In the general population, the U.S. spends more money on health care than any other country. So why are so many people in North America suffering from ill health? It is quite apparent that the epidemic of obesity, type 2 diabetes and heart attack will continue to be the big killers. At the moment there is little evidence this battle is being won. But a study that followed both staff and students at the University of Liverpool shows it’s not an impossible dream.
In its first experiment, female diners were randomly divided to receive either a small or large quiche for lunch. The next day, the same group were all allowed to serve themselves any portion they desired. Researchers discovered the ones who had been served the smaller portion, tended to choose the smaller portion. A second experiment tested male diners and it produced the same result. In the third experiment both sexes were included, but it was done one week later. This time diners were asked to look at various photos of portion size and asked which looked normal. Those who were previously given the smaller portions considered the smaller ones normal.

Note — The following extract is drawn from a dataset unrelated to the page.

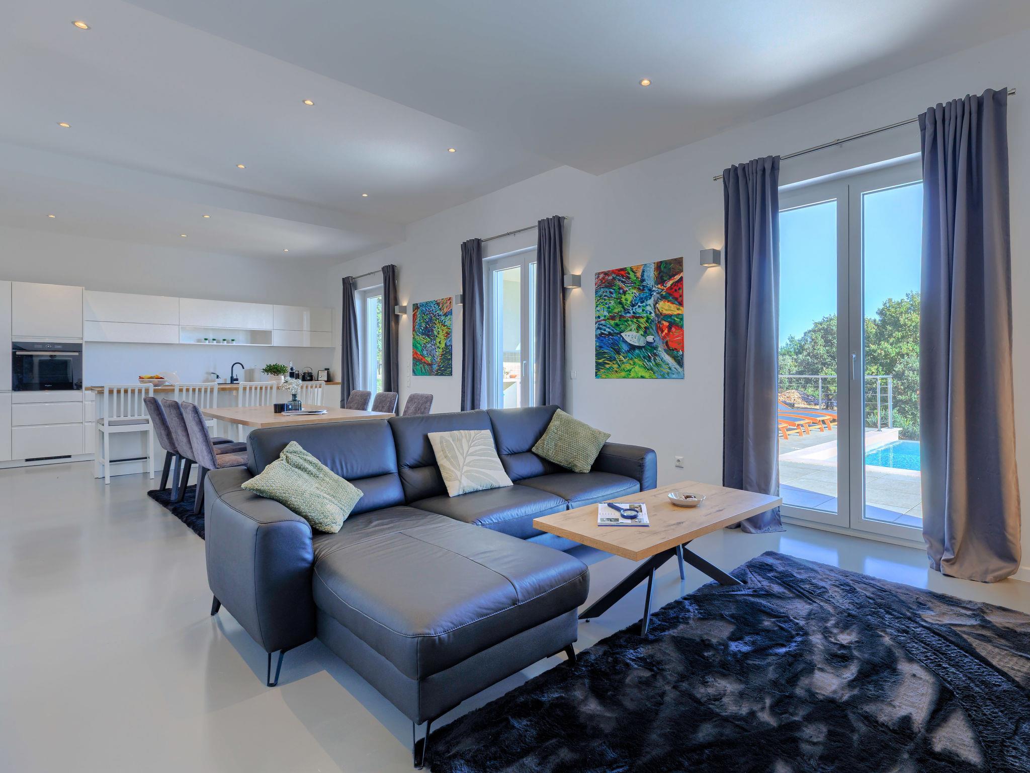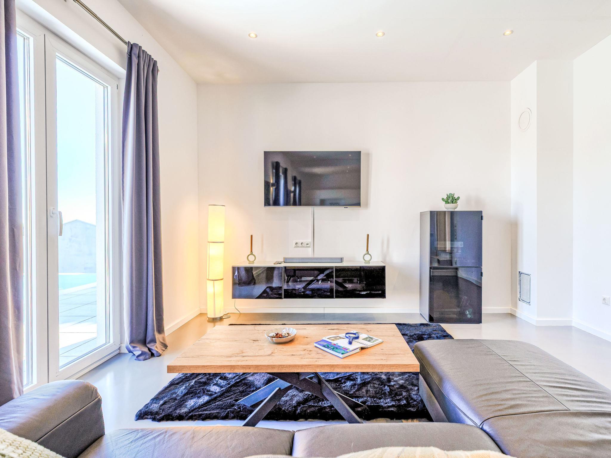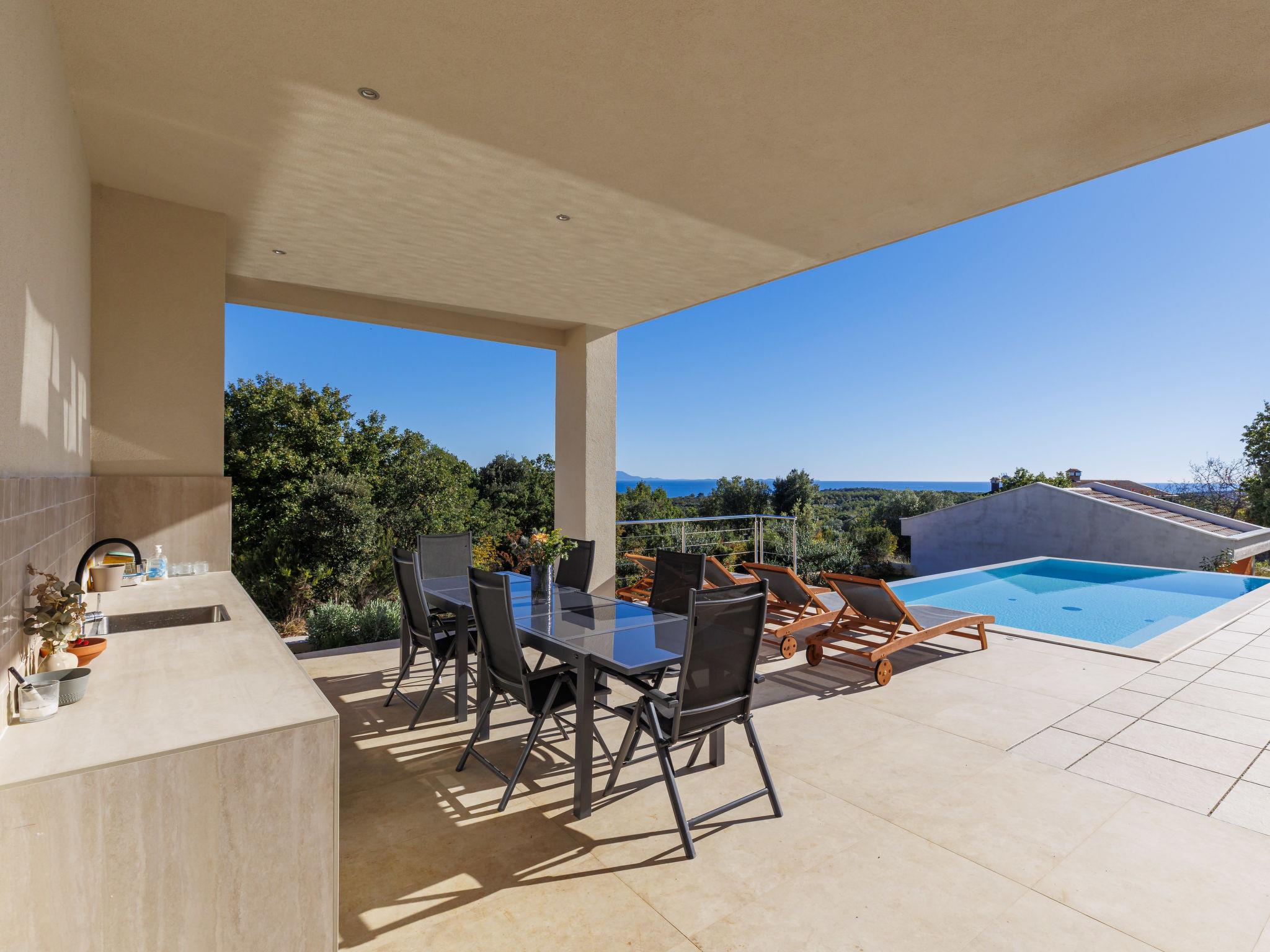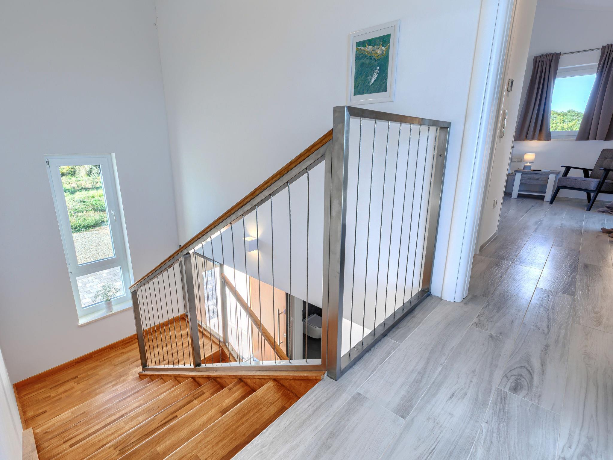 Very beautiful villa "Cappenberg", 2 storeys, built in 2025. 1 km from the centre of Peruški, 8 km from the centre of Marcana, 20 km from the centre of Pula, in an elevated position, 700 m from the sea, 700 m from the beach. Private: property 730 m2, swimming pool angular, heated (8 x 4 m, 32 m2, depth 140 cm, seasonal availability: 01.Mar. - 01.Dec.) with internal staircase and salt-electrolysis pool-cleaning system. Outdoor shower, hot tub, terrace (75 m2), garden furniture, barbecue. In the house: internet access, sauna, table tennis, roof terrace, washing machine, tumble dryer. Parking (for 3 cars) at the house on the premises. E-charging station. Shop 1.5 km, bus stop 7.5 km, pebble beach 3 km, rocky beach 700 m. Groups of teenagers on request only. Heated swimming pool. It is necessary to notify us 7 days in advance if you wish to have the pool heating turned on.

These studies showed that it is possible to shift people from what they think is a normal portion to what is actually the proper amount to eat. And that the perception of what is normal lasts at least to one week later.
Remember, a voyage of a thousand miles begins with the first step. The same philosophy applies to longevity. So, gradually incorporate one thing at a time into your lifestyle. Don’t forget the importance of smaller portions, add more fruits and vegetables, buy a pedometer to check the number of steps taken each day, and to measure your progress, step on the scale every day.